RECORDS SHOWN:
_ _ _ _ _
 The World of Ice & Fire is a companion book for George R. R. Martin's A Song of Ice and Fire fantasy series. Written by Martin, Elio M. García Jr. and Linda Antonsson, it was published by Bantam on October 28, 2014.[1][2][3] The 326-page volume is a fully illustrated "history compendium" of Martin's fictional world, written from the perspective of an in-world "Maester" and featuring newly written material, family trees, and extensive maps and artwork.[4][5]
_ _ _ _ _
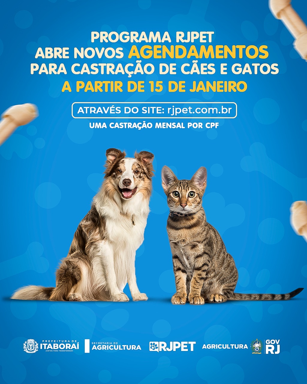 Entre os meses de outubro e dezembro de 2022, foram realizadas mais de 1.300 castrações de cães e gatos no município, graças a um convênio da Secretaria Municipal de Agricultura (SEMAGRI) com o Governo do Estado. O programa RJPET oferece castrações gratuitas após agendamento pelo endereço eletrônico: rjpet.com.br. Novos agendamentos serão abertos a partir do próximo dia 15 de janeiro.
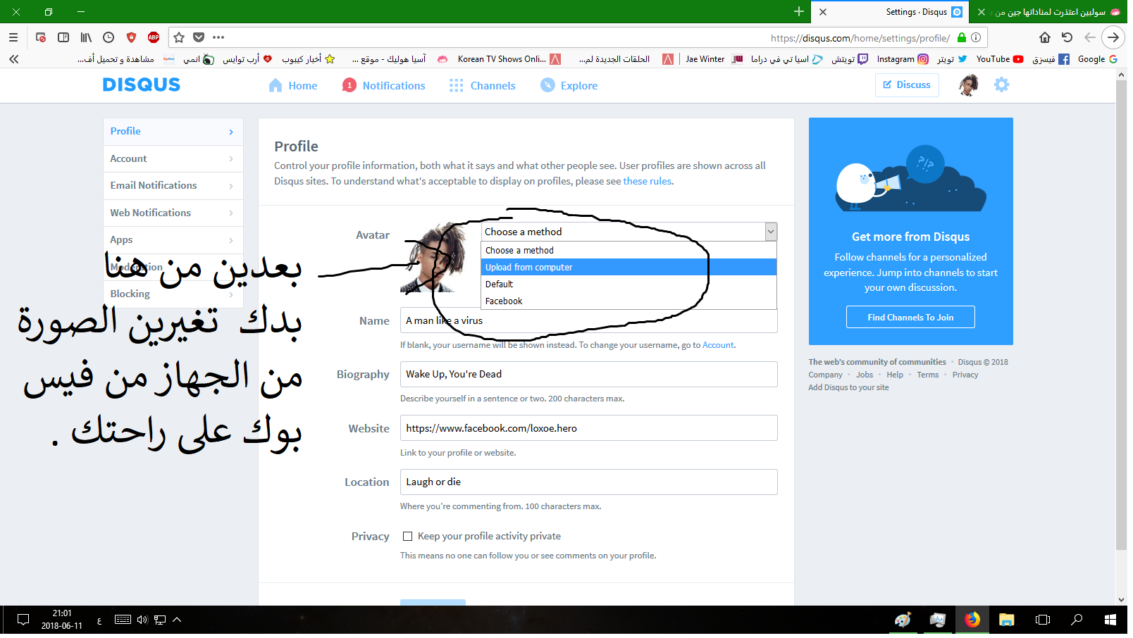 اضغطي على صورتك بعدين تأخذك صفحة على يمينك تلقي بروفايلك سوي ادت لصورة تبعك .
_ _ _ _ _
WHAT YOU HAVE TO DO:
From the material above, output only the span of lines that starts at the one containing "Entre os meses" and finishes at the one containing "اضغطي على صورتك", word for word and free of pictures.

EXERCISE RESPONSE:
 Entre os meses de outubro e dezembro de 2022, foram realizadas mais de 1.300 castrações de cães e gatos no município, graças a um convênio da Secretaria Municipal de Agricultura (SEMAGRI) com o Governo do Estado. O programa RJPET oferece castrações gratuitas após agendamento pelo endereço eletrônico: rjpet.com.br. Novos agendamentos serão abertos a partir do próximo dia 15 de janeiro.
 اضغطي على صورتك بعدين تأخذك صفحة على يمينك تلقي بروفايلك سوي ادت لصورة تبعك .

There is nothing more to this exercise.